The BSPR represents both the Human Proteome Organization (HUPO) and the European Proteomics Association (EuPA) in the UK, and is affiliated to the Society of Biology.


If you use proteomics, want to use proteomics, or are just keen to learn more, why not JOIN THE BSPR.


The Relevance of New Technologies to the Biological and Chemical Weapons Conventions.


The Biological Weapons Convention and Chemical Weapons Conventions are two International treaties that prohibit the generation, production, stockpiling or use of these weapons.  My interest in these is how the developments in modern science are both a threat and of potential benefit to these conventions, and how scientific research developed for benefit could also be put to detrimental use, the dual-use conundrum. 

I got into this area because many of the tools and technologies that have been developed in my research fields, and some of the understanding of biology that we gain from it, have the potential for dual use, or could be used to detect the use of biological or chemical weapons and identify the weapon.
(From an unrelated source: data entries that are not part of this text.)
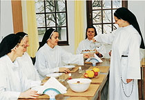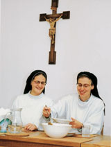 A novíciák magisztere vagyok, én kísérem a jelölteket a szerzetessé válás útján. Először csak szemlélődnek, ismerkednek, a novíciátus első éve is csendes, bensőséges. Figyeljük egymást, hogy jó-e így nekik, nekünk. Ez az a rend, ahová valók? Ez az ő közösségük? Boldogok? Boldogság, ha az ember érzi: helyén van. A második évben már részt vesznek kísérőként az apostoli munkában, de a csendet őrizzük tovább.
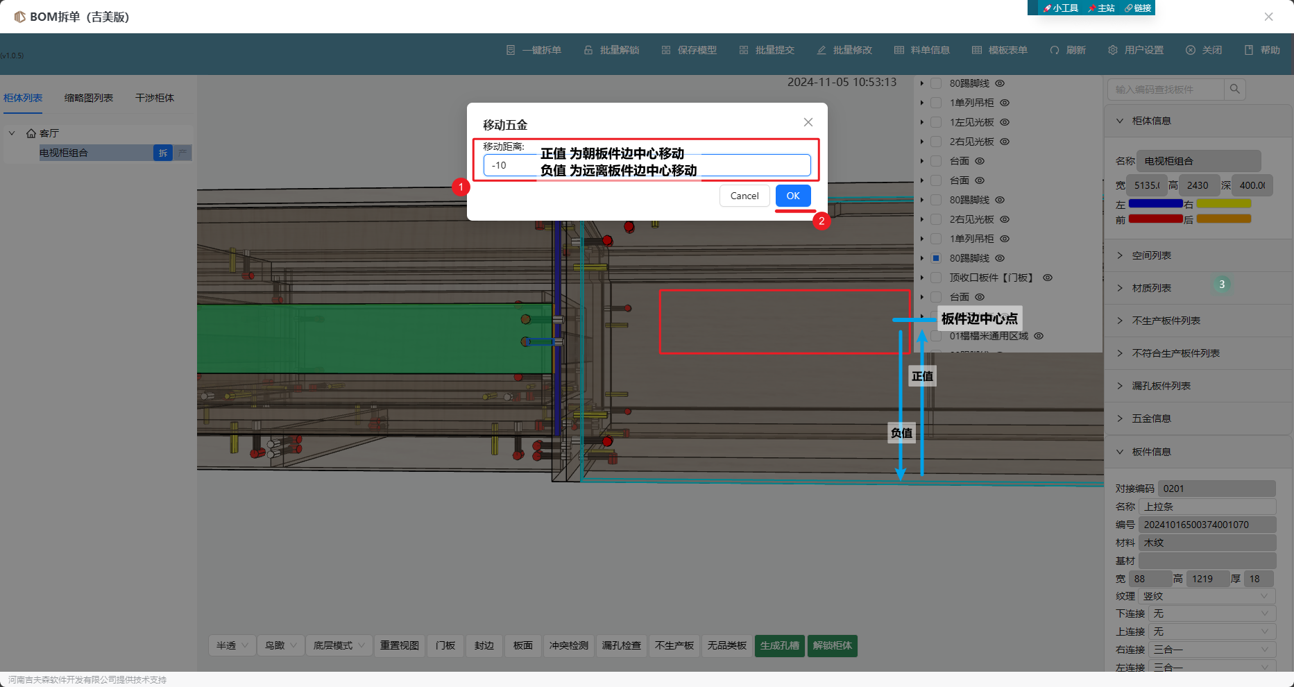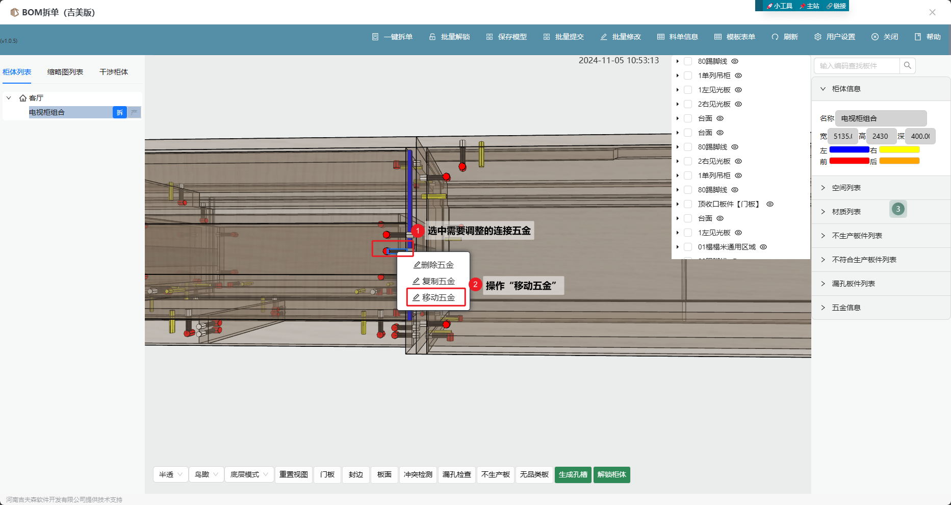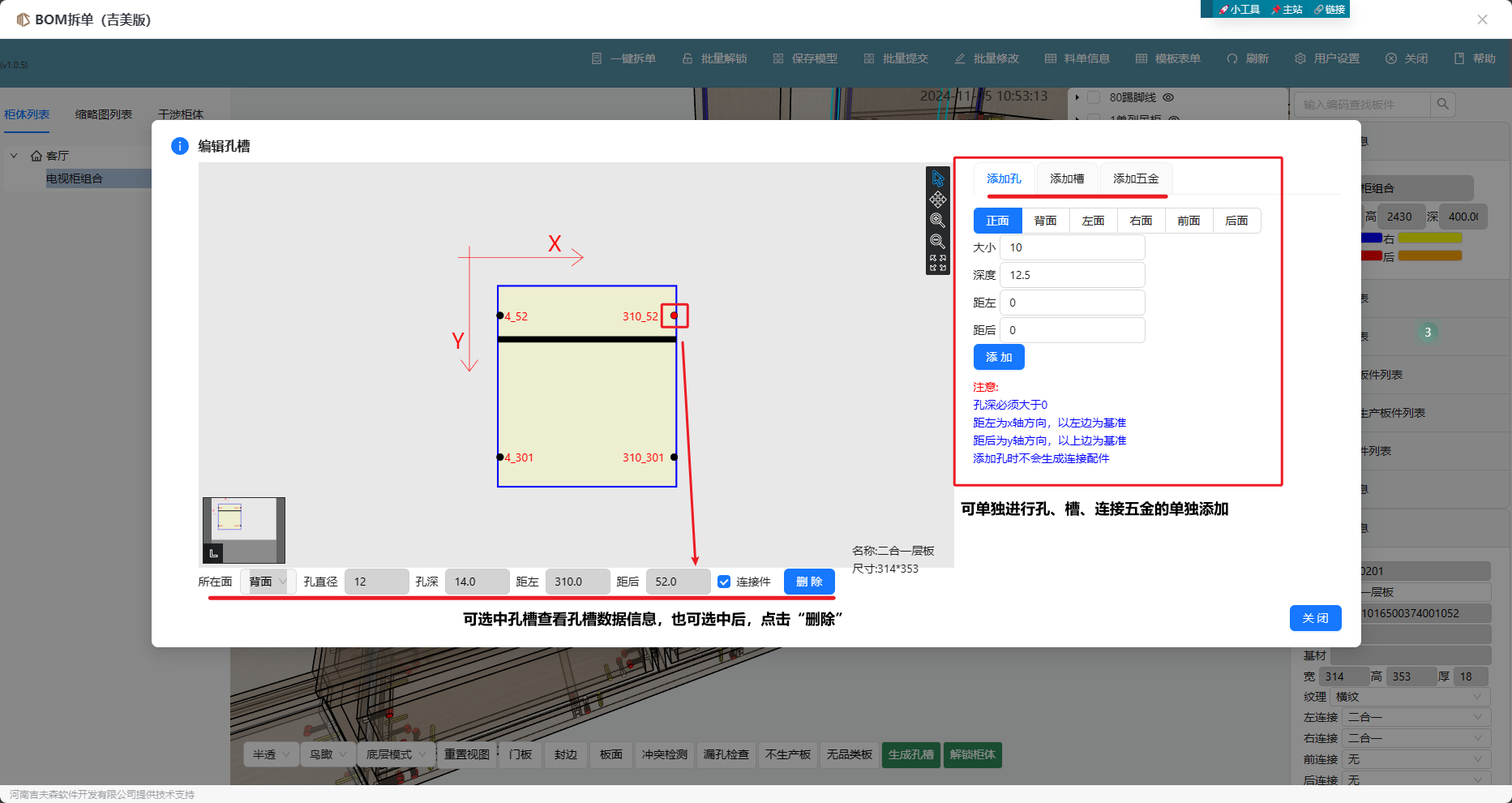 当连接方式合理的情况下,仍有孔槽冲突时,则需选中连接五金,进行连接五金的单独调整:删除/移动
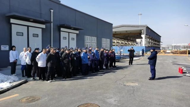 在模拟火情的场景下,工作人员迅速启动了消防设施,同时紧急疏导在场的员工快速而有序地向最近的安全出口撤离。
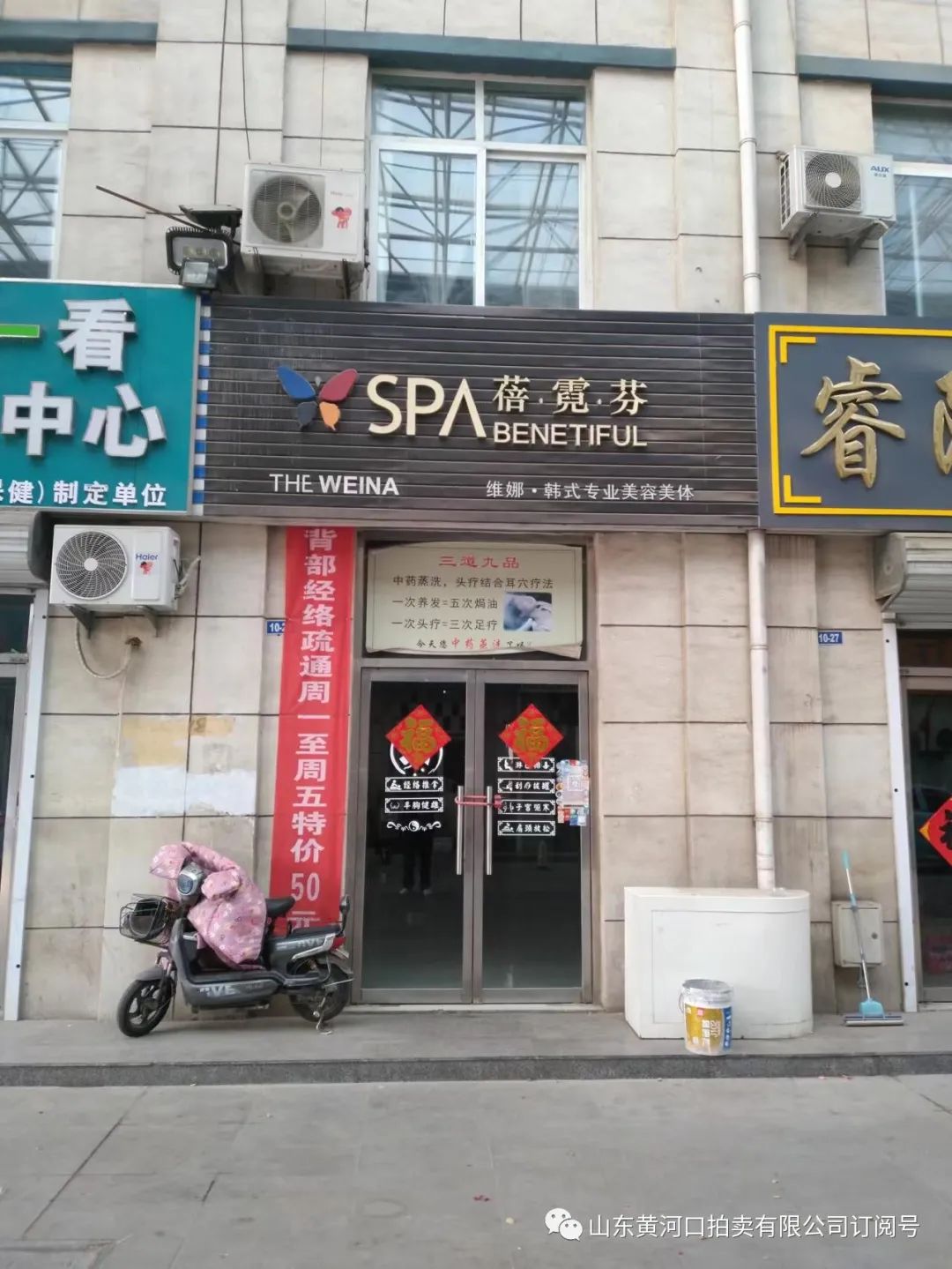 七、垦利区振兴路89号胜桥商业街9-13号商铺(现门头:超市)租赁权:面积166.14平米。参考价1.8万元/年,竞买保证金1万元。
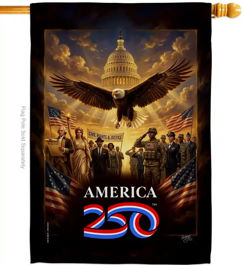 The Justice & Service USA 250 House Flag is a double-sided 28" x 40" house flag designed to be displayed outdoors year-round. Printed on weather-resistant polyester, the flag reads correctly from both approaches so the design works on a yard walkway, a garden bed, or a porch railing. It fits every standard 6-foot house flagpole on the market.
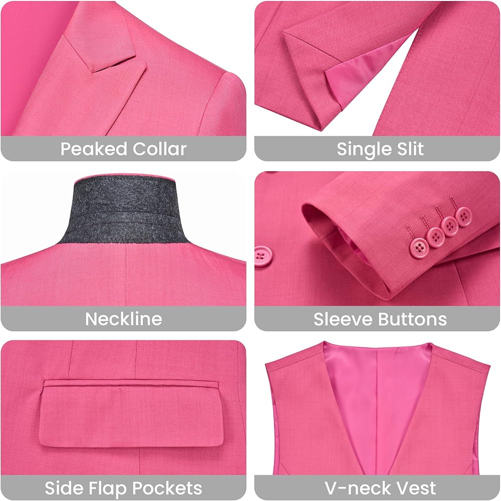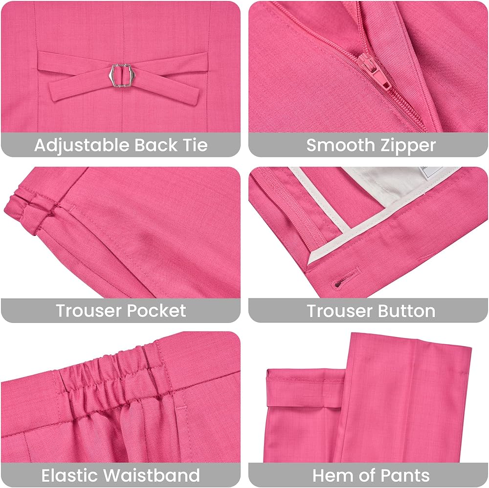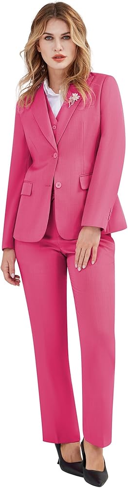 Fashion Style: Women's Blazer: Solid color, peak lapels,2 buttons closure, single back vent, 2 flap pockets. Women's Vest: V-neck,4 buttons closure,two side pockets. Women's suit trousers: Straight front, zip fly, buttoned ends and elastic at the side waist, two front slash pockets
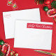 Cette étiquette d'adresse de retour de vacances élégante et festive dispose d'un arrière - plan rouge avec écriture blanche et typographie moderne. Le script de salutation dit "Le premier Noël du bébé". Customisez-le avec votre propre nom et adresse. Ce design s'harmonise avec notre carte photo de vacances "Baby's First Christmas".
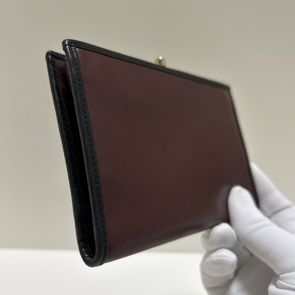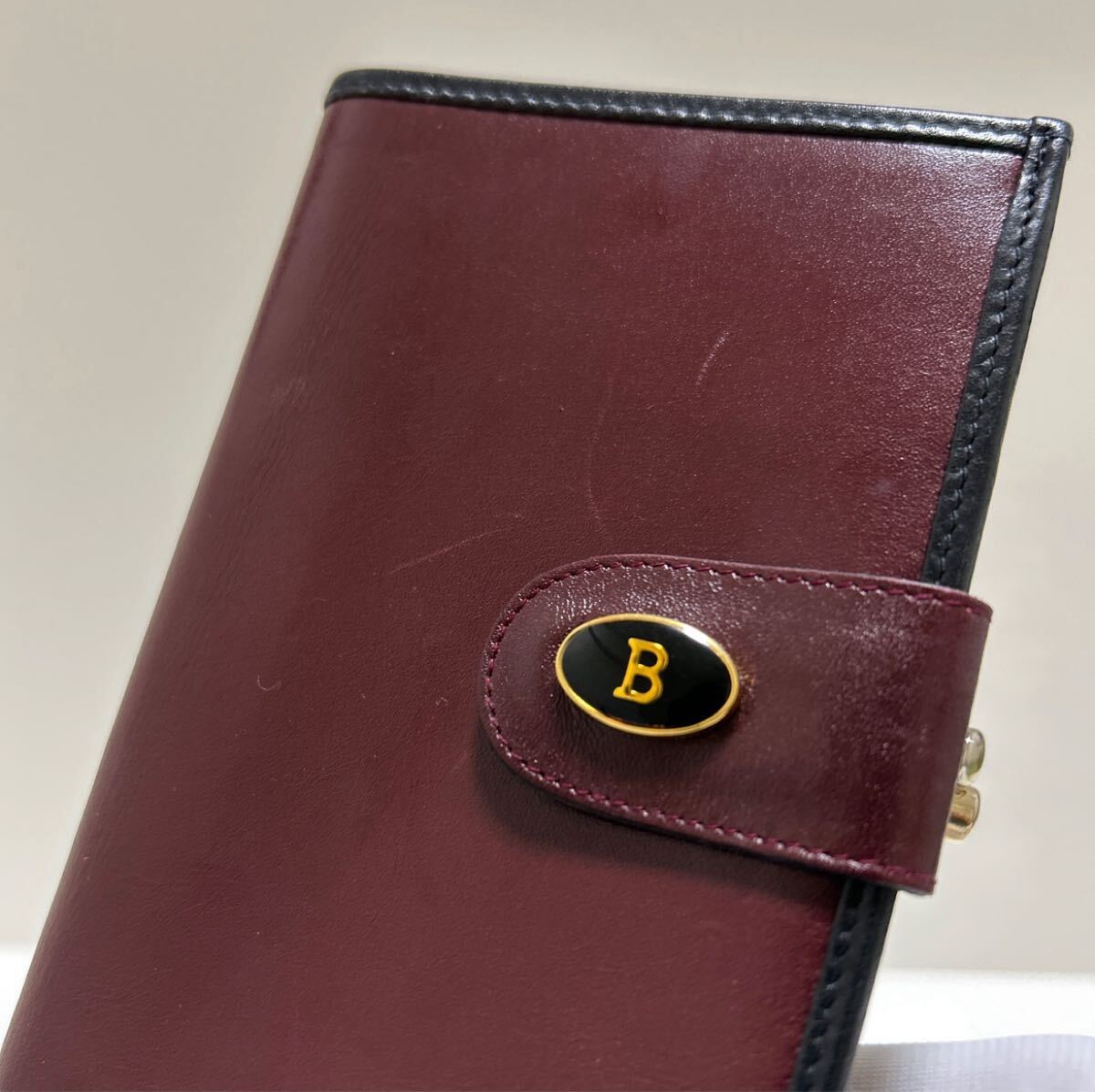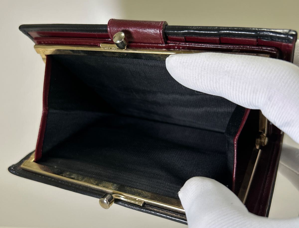 ☆良品☆ ◆BALLY バリー がま口 折り財布 ボルドー×黒◆ 本革 ロゴ金具 ヴィンテージ イタリア製 正規品保証 【送料無料】0903
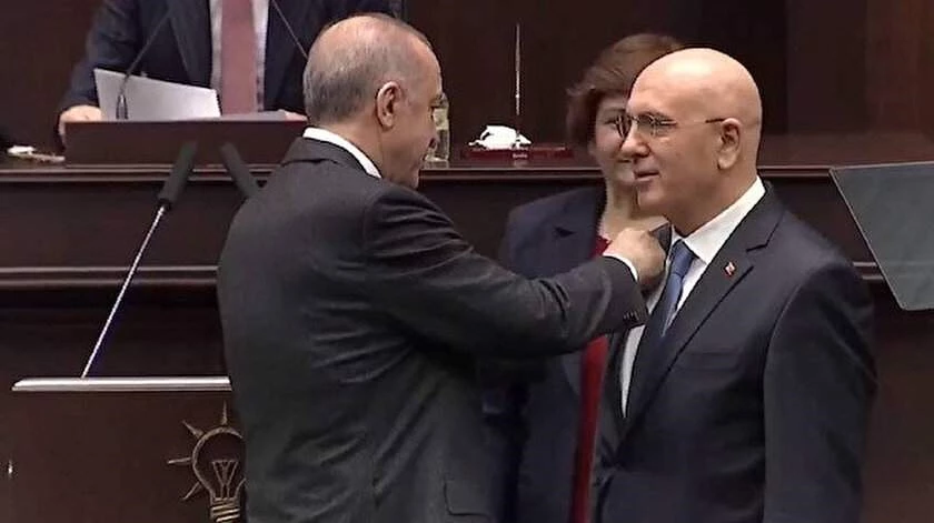Ok'un AK Parti rozetini Cumhurbaşkanı Erdoğan taktı.
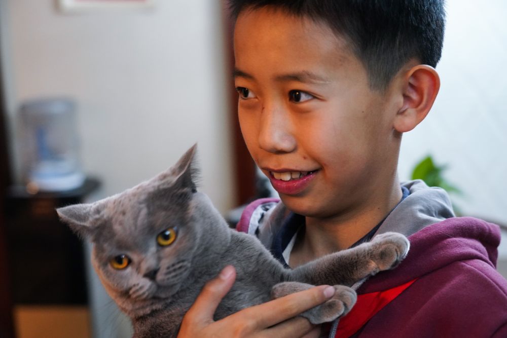 ??12月21日,蔡昊霖在家中與寵物貓玩耍。
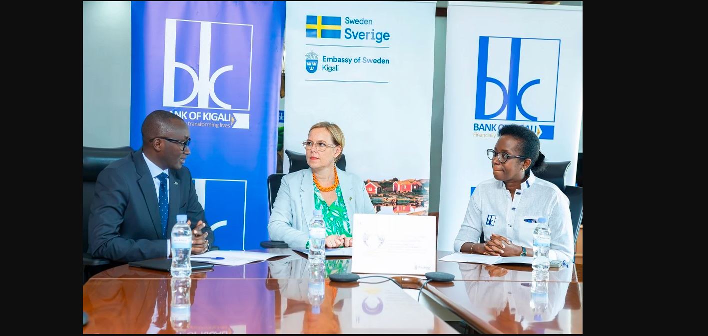 Ubuyobozi bwa Banki ya Kigali bwaraye businyanye na Ambasaderi wa Suède mu Rwanda amasezerano ya miliyoni $10 azatangwa nk’inkunguzanyo yo gushyigikira imishinga mito n’imishinga iciriritse mu Rwanda.
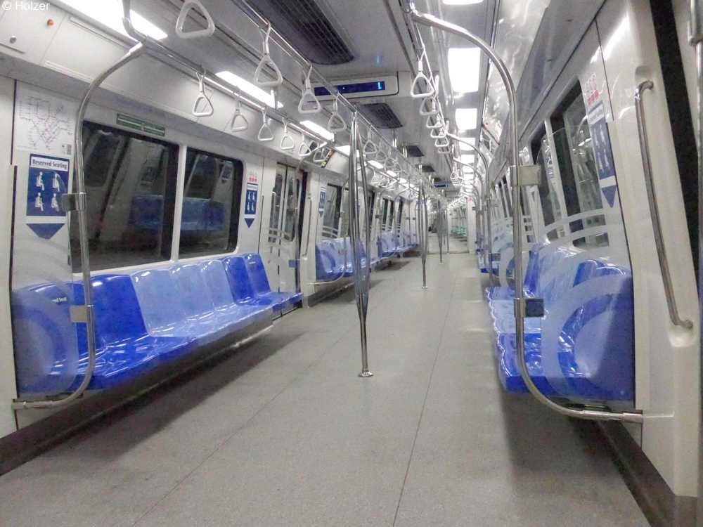 In "unserer" Metro-Station konnte man kein Tagesticket kaufen. Diese gibt es nur in ausgewählten Stationen, sodass wir mit Einzelfahrscheinen unsere Unternehmungen bestritten. Eine Fahrt kostete umgerechnet einen knappen Euro. Der Kauf der Fahrscheine am Automat ist zwar einfach, aber an den meisten Stationen; so auch hier an der völlig verwaisten Marina South Pier, standen Helfer bereit, die für uns die Automaten erklärten und bedienten.
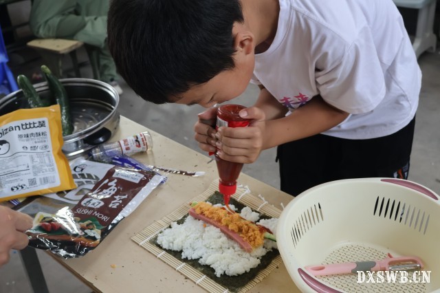 图为孩子们制作寿司

Dual use means that while the science was developed for beneficial reasons, such as to understand and treat disease, the very same science could possibly be used to do harm.  A recent good example of this was the genomic sequencing of the flu virus that was responsible for the 1918 flu pandemic that killed millions of people worldwide.  The science gave us a much better understanding of why this particular flu virus was so harmful, which means we are better prepared and can produce better treatments, should a similar outbreak occur. The question is, could this information now be used to engineer an artificial virus with similar properties.